WHAT THE EXERCISE ASKS:
Pick every line with "large" from the material below.
————
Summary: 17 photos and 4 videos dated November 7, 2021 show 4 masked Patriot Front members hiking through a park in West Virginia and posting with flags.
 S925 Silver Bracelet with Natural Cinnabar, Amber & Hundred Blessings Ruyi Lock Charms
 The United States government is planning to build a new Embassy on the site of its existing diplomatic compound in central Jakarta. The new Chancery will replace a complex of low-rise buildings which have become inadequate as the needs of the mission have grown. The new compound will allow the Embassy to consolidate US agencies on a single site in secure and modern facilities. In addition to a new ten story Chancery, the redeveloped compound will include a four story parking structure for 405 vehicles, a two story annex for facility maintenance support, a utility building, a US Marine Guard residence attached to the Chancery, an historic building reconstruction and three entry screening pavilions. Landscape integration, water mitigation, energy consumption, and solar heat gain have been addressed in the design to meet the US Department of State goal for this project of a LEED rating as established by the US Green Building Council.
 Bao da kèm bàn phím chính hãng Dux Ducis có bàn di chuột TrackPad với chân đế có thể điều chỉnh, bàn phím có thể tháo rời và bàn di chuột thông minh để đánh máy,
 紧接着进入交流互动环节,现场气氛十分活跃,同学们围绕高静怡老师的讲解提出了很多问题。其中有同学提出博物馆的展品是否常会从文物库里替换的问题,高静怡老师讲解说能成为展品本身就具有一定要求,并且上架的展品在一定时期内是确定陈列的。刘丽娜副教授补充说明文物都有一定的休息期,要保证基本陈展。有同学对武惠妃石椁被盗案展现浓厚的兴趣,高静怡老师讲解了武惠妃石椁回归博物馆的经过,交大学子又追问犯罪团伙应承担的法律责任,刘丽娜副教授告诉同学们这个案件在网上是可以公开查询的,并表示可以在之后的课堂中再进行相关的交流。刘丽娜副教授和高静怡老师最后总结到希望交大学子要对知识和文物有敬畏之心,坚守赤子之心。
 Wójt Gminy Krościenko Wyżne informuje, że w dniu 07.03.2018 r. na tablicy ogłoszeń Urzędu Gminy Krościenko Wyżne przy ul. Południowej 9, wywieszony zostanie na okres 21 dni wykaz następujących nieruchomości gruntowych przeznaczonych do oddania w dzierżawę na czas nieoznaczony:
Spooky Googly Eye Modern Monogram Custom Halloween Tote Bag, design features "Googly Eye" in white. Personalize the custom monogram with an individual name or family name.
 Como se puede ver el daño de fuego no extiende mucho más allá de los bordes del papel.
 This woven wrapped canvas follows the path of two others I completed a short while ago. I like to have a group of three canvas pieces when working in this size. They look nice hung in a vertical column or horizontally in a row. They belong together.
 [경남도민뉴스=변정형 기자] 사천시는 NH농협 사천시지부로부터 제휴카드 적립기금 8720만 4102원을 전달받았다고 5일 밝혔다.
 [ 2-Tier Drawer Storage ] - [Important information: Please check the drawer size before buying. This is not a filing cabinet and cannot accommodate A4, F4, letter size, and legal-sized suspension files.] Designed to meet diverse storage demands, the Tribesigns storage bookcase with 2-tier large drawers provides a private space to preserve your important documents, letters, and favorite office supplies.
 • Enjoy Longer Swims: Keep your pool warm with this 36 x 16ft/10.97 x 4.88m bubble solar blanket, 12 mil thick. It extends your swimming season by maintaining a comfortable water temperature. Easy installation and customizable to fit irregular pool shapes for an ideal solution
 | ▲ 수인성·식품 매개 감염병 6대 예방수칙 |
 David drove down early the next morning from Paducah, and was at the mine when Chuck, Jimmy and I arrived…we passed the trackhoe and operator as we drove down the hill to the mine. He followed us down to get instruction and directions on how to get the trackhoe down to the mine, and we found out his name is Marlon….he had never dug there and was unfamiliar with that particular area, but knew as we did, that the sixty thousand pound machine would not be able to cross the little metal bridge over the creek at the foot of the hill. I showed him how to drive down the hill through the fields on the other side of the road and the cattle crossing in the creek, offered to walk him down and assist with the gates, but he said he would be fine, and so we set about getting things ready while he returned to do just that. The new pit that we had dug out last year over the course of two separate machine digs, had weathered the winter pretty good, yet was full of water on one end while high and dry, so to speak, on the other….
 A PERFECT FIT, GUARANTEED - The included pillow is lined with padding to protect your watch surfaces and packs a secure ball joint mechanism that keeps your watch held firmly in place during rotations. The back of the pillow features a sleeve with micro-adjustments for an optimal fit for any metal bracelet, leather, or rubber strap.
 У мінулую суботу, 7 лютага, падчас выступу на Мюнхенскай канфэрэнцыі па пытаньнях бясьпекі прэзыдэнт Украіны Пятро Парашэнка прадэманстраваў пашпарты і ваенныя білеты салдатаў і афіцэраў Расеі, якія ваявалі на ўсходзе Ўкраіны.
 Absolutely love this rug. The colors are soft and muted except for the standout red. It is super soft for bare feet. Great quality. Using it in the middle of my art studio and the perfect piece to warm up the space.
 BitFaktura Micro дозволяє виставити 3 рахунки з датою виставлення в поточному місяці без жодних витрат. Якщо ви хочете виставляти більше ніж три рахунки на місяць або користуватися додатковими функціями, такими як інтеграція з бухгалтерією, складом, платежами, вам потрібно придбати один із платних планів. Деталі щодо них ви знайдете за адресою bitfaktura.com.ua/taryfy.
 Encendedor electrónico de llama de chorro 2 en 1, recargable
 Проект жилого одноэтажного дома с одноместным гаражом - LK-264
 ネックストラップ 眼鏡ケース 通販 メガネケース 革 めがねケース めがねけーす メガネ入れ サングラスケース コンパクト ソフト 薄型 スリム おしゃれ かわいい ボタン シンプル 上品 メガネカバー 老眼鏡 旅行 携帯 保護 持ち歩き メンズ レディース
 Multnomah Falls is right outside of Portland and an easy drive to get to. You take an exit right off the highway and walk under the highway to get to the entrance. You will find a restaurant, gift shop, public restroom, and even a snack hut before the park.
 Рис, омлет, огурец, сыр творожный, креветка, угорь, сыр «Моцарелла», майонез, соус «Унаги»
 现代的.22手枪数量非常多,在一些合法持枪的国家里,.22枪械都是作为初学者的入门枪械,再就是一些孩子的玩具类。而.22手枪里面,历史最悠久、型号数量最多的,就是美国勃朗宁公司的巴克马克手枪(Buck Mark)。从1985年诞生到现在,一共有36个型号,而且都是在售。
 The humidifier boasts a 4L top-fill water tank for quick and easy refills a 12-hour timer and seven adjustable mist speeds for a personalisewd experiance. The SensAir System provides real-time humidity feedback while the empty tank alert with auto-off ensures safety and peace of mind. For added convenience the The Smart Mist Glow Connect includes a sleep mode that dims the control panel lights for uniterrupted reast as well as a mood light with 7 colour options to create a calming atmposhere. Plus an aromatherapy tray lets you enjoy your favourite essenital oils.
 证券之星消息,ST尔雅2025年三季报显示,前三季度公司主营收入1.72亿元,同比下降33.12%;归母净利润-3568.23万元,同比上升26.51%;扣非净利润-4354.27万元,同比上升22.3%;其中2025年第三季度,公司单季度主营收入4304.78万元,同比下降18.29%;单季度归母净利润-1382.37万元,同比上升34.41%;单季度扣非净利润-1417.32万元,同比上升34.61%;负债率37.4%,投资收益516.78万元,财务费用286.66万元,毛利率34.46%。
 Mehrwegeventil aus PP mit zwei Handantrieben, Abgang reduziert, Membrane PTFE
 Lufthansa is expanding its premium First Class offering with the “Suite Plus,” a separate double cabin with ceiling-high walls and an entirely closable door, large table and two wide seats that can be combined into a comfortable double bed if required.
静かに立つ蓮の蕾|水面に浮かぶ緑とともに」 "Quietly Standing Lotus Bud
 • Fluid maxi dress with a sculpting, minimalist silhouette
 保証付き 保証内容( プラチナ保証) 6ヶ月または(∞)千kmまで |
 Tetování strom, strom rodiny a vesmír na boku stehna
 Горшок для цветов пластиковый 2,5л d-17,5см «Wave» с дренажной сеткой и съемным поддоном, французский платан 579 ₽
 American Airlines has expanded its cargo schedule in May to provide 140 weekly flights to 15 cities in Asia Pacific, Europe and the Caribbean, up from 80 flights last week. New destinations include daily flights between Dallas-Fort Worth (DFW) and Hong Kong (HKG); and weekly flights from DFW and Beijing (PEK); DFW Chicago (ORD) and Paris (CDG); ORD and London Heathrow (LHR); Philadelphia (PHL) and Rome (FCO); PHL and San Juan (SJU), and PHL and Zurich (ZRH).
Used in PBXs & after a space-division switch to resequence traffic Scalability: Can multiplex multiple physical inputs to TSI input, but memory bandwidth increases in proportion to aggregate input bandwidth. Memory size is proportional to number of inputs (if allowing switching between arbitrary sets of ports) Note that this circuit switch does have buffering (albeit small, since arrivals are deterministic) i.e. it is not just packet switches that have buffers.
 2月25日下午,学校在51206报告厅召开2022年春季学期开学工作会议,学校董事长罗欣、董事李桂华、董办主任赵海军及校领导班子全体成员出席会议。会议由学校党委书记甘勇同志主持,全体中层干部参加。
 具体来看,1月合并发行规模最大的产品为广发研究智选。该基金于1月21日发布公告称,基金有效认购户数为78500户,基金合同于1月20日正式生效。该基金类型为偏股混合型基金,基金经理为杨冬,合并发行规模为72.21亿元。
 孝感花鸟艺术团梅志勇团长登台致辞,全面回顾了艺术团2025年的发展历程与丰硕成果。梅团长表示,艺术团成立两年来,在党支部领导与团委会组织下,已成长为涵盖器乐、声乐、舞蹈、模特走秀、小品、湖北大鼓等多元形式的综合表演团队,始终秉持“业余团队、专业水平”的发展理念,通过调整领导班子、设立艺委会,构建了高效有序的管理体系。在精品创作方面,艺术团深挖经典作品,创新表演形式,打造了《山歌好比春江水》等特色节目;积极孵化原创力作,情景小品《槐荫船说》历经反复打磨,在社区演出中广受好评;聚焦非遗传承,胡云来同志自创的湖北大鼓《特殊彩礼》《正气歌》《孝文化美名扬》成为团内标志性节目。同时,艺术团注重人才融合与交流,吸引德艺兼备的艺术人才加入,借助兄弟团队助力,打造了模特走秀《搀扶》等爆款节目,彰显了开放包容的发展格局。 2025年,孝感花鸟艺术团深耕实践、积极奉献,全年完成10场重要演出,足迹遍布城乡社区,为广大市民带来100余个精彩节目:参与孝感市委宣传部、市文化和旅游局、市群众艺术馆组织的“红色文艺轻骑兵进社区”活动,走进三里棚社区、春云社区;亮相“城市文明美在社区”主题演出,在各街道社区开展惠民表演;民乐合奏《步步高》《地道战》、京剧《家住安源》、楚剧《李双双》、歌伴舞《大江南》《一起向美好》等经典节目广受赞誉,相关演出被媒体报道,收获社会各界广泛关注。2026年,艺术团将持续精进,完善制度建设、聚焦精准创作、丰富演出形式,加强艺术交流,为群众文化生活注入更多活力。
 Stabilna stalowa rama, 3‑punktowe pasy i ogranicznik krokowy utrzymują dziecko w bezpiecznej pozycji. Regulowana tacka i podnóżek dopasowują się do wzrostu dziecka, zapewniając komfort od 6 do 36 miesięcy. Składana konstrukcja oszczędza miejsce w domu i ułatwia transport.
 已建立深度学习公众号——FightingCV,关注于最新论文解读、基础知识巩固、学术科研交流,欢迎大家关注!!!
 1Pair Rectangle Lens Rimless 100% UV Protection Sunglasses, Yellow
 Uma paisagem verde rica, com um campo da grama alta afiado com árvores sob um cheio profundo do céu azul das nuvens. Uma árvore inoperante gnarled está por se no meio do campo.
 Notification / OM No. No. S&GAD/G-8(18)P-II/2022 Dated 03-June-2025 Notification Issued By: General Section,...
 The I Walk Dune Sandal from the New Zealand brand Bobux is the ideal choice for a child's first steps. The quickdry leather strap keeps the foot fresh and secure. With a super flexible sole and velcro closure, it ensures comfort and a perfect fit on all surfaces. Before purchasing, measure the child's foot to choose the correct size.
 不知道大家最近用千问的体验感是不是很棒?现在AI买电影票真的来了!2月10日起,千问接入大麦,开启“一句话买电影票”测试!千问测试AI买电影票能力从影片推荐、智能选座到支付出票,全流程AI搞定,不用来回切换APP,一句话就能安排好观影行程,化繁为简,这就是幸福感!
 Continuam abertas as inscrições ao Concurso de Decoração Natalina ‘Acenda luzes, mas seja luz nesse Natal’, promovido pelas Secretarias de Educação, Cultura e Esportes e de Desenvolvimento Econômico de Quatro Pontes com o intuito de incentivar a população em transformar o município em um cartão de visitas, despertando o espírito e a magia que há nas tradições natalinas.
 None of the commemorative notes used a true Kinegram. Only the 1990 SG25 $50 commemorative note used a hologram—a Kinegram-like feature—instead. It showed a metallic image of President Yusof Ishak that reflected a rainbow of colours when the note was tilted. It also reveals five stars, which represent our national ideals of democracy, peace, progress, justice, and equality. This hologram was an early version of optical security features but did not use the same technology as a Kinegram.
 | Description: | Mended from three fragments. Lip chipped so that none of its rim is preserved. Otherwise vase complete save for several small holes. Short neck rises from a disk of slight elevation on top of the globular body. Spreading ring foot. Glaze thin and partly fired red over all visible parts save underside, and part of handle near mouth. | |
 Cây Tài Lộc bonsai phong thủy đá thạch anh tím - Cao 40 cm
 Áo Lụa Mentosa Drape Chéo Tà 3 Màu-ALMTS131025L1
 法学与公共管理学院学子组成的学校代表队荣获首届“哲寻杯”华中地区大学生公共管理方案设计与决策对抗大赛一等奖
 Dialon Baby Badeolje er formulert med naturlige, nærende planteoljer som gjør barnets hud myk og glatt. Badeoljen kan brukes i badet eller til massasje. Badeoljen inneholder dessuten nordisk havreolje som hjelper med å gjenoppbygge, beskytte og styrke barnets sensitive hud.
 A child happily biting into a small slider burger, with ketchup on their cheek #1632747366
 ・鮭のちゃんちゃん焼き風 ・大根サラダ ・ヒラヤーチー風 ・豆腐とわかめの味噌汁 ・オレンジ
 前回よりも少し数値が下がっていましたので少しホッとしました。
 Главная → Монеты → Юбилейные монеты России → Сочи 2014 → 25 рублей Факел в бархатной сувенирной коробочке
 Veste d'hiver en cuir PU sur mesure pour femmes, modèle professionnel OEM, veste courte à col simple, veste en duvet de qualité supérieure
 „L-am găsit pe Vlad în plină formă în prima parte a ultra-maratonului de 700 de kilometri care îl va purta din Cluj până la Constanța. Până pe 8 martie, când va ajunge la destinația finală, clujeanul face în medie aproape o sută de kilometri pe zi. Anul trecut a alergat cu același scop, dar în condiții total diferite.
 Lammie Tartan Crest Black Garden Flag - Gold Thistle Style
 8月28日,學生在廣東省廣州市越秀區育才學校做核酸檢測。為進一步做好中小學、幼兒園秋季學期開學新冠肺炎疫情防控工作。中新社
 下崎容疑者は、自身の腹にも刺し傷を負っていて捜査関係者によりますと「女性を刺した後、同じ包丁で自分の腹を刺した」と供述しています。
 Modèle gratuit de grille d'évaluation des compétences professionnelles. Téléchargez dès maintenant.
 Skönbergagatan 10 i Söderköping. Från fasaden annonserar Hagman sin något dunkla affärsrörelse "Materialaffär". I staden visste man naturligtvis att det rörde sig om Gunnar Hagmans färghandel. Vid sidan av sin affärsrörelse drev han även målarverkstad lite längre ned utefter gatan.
————
EXERCISE RESPONSE:
 [ 2-Tier Drawer Storage ] - [Important information: Please check the drawer size before buying. This is not a filing cabinet and cannot accommodate A4, F4, letter size, and legal-sized suspension files.] Designed to meet diverse storage demands, the Tribesigns storage bookcase with 2-tier large drawers provides a private space to preserve your important documents, letters, and favorite office supplies.
 Lufthansa is expanding its premium First Class offering with the “Suite Plus,” a separate double cabin with ceiling-high walls and an entirely closable door, large table and two wide seats that can be combined into a comfortable double bed if required.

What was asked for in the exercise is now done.